A implosão desse castelo de cartas financeiro em 2008-2009 não levou a medidas para resolver as contradições que produziram a crise, mas, ao invés, a medidas que alimentavam a especulação financeira. Esse foi o conteúdo essencial do programa de estímulo econômico chamado “quantitative easing” (flexibilização quantitativa), iniciado pelo presidente do Fed, Ben Bernanke, e continuado sob Yellen, em que o Fed reduziu suas taxas de juros para níveis historicamente baixos e bombeou trilhões de dólares para os mercados financeiros dos EUA e ao redor de todo o mundo.

A consequência disso tem sido uma explosão dos valores de ativos combinada com a destruição das condições sociais da classe trabalhadora e o crescimento da desigualdade social para níveis sem precedentes na história. Três bilionários nos EUA agora controlam tanta riqueza quanto a metade mais pobre da população americana.

Existe uma conexão causal entre esses dois processos. Enquanto a especulação financeira parece criar dinheiro a partir de dinheiro, na análise final ela extrai sua riqueza real na forma de mais-valia da classe trabalhadora. Consequentemente, para satisfazer suas exigências insaciáveis, o capital financeiro exige que o salário e os benefícios sociais para a ampla massa da população trabalhadora – uma dedução da riqueza que ela consegue apropriar – sejam reduzidos ainda mais.

Esse processo está sendo acelerado intensamente sob a administração Trump através de seu amplo corte de impostos para os ricos à custa da maioria da população.

Yellen está sendo substituída pelo atual diretor do Fed, Jerome Powell, que combina o apoio de Yellen por dinheiro fácil com o apoio para o desmantelamento das restrições modestas sobre as práticas de Wall Street impostas após a quebra financeira de Setembro de 2008.

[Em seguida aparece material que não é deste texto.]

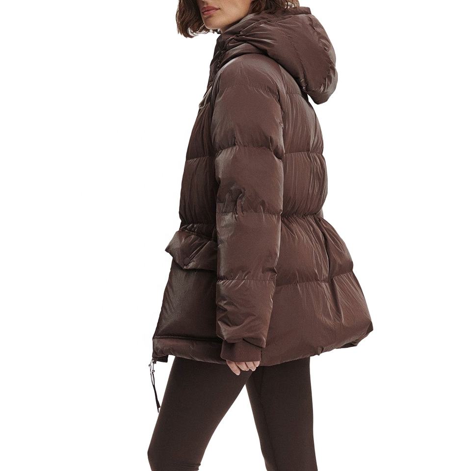 แจ็กเก็ตขนเป็ดแฟชั่นสำหรับผู้หญิงเสื้อโค้ทขนเป็ดมีกระเป๋ามีซิปสีน้ำตาลมีฮู้ดแจ็กเก็ตฤดูหนาวให้ความอบอุ่น
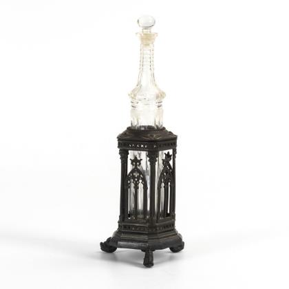 Auf 3 Delphinfüßen turmartiger Fünfeck-Korpus mit gotischem Ecksäulen und Maßwerk in À-Jour-Arbeit sowie Engelsflüchten auf der Schulter. Flacon mit reichem Schliff
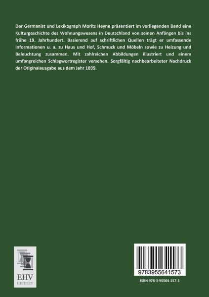Der Germanist und Lexikograph Moritz Heyne präsentiert im vorliegenden Band eine Kulturgeschichte des Wohnungswesens in Deutschland von seinen Anfängen bis ins frühe 19. Jahrhundert. Basierend auf schriftlichen Quellen trägt er umfassende Informationen u. a. zu Haus und Hof, Schmuck und Möbeln sowie zu Heizung und Beleuchtung zusammen. Mit zahlreichen Abbildungen illustriert und einem umfangreichen Schlagwortregister versehen. Sorgfältig nachbearbeiteter Nachdruck der Originalausgabe aus dem Jahr 1899.
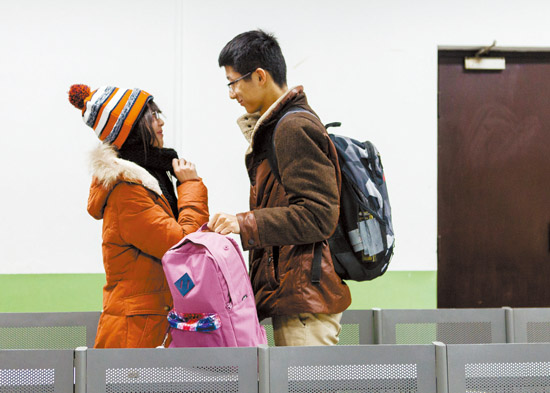 3:40 a.m., Dec. 8, 2014 - Zhu Pengfei and his girlfriend are ready to leave the study room. (Photo/China Youth Daily)
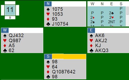 Dette spillet skriver Nils Kvangraven om på sin side der Bjørn Bentsen vinner 6ru etter spar ess og mer spar i utspill. Han røffer med kongen og kapper ruter på tieren. Så litt fram og tilbake for to hjerterkapper og tolv stikk.
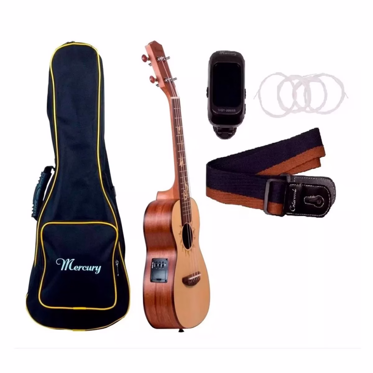 onjunto de ukelele electroacústico para concierto Mercury 14setmuke04. Este ukelele, de tamaño concierto, cuenta con una tapa de pino abeto, fondo y costados de sapelly, cuerdas Aquila y un ecualizador con control de volumen, agudos y graves. Incluye una funda acolchada, afinador de pinza, colgador y un juego adicional de cuerdas.
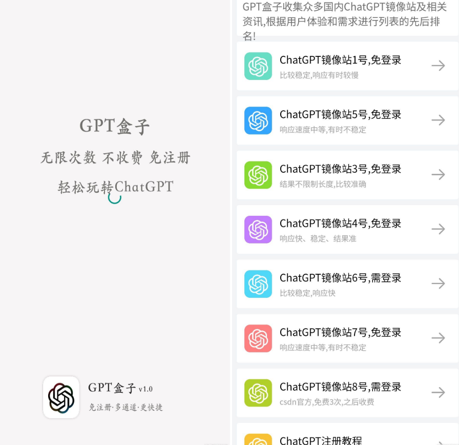 如需无限制体验最新版ChatGPT,请尝试官网注册(软件内附有注册教程)
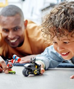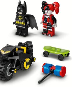Emblemáticos personajes: Incluye a Batman™ con su Batmoto y su Batarang™, y a Harley Quinn™ con su monopatín, su mazo y dinamita. El ladrillo para principiantes facilita la construcción para que los niños puedan ponerse a jugar de inmediato
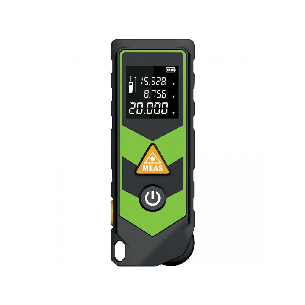 Laserový měřič vzdálenosti, plochy a objemu je skvělou pomůckou při plánování stavby nebo přestavby v interiéru i exteriéru. Měřič je velice přesný nejen díky zabudované vodováze a lze jej využít k měření vzdáleností od 5 cm až do 50 m. Při měření plochy nebo objemu stačí laser postupně namířit do rohů měřeného objektu podle návodu a schématu přímo v měřiči. Součástí balení jsou 3 x AAA tužkové baterie.
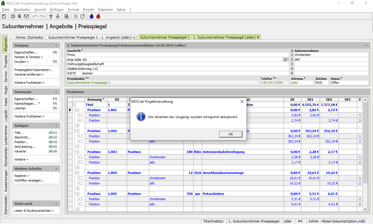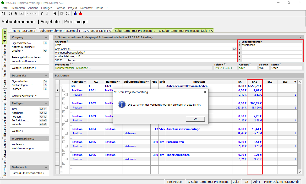Der Import wird mit einer Bestätigungsmeldung abgeschlossen und der Bieter (hier: christensen) wird als neue Subunternehmer Variante aufgeführt. Die Bieterkonditionen zur Variante 1 finden Sie in der Spalte
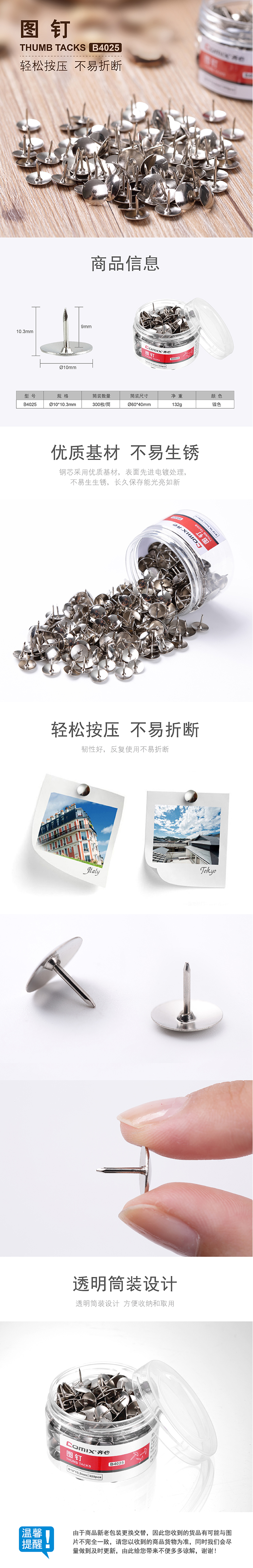 商品名称:齐心 B4025 图钉 (Ø10*10.3mm)

A lógica objetiva implacável do parasitismo financeiro, que domina cada vez mais não apenas os Estados Unidos, mas toda a economia capitalista mundial, pode ser vista na proposta atual de cortes de impostos. Os defensores mais clamorosos do plano de corte de impostos, ao invés de estarem preocupados por suas consequências para a dívida governamental dos EUA, saúdam seus efeitos porque qualquer crise no orçamento alimentará o avanço por mais cortes de gastos sociais.

Yellen fala por facções da elite dominante que estão mais conscientes do perigo da orgia de enriquecimento financeiro intensificar a luta de classes.

Em suas declarações ao Congresso, Yellen fez uma referência elíptica à esse perigo para a classe dominante, apontando para as tendências “perturbadoras” de desigualdade de renda. Entretanto, não há nada que Yellen ou qualquer outro representante da classe dominante possa fazer para impedir que isso aconteça, uma vez que o acúmulo de extraordinária riqueza de um lado e o acúmulo da pobreza, miséria e degradação do outro não é fundamentalmente o resultado de decisões políticas que podem ser revertidas de algum modo. Na verdade, é o crescimento perverso de uma ordem socioeconômica em crise terminal.

Não se trata de propor uma saída inútil para essa crise que tente reformar os sistema capitalista baseado no lucro privado, mas lutar para que a classe trabalhadora derrube-o.

Os trabalhadores enfrentam a tarefa histórica de lutar pelo poder político para tomar o comando da economia – as grandes corporações e o sistema financeiro – e colocá-lo sob propriedade pública e controle democrático, utilizando a vasta riqueza que a própria classe trabalhadora criou para satisfazer suas necessidades sociais.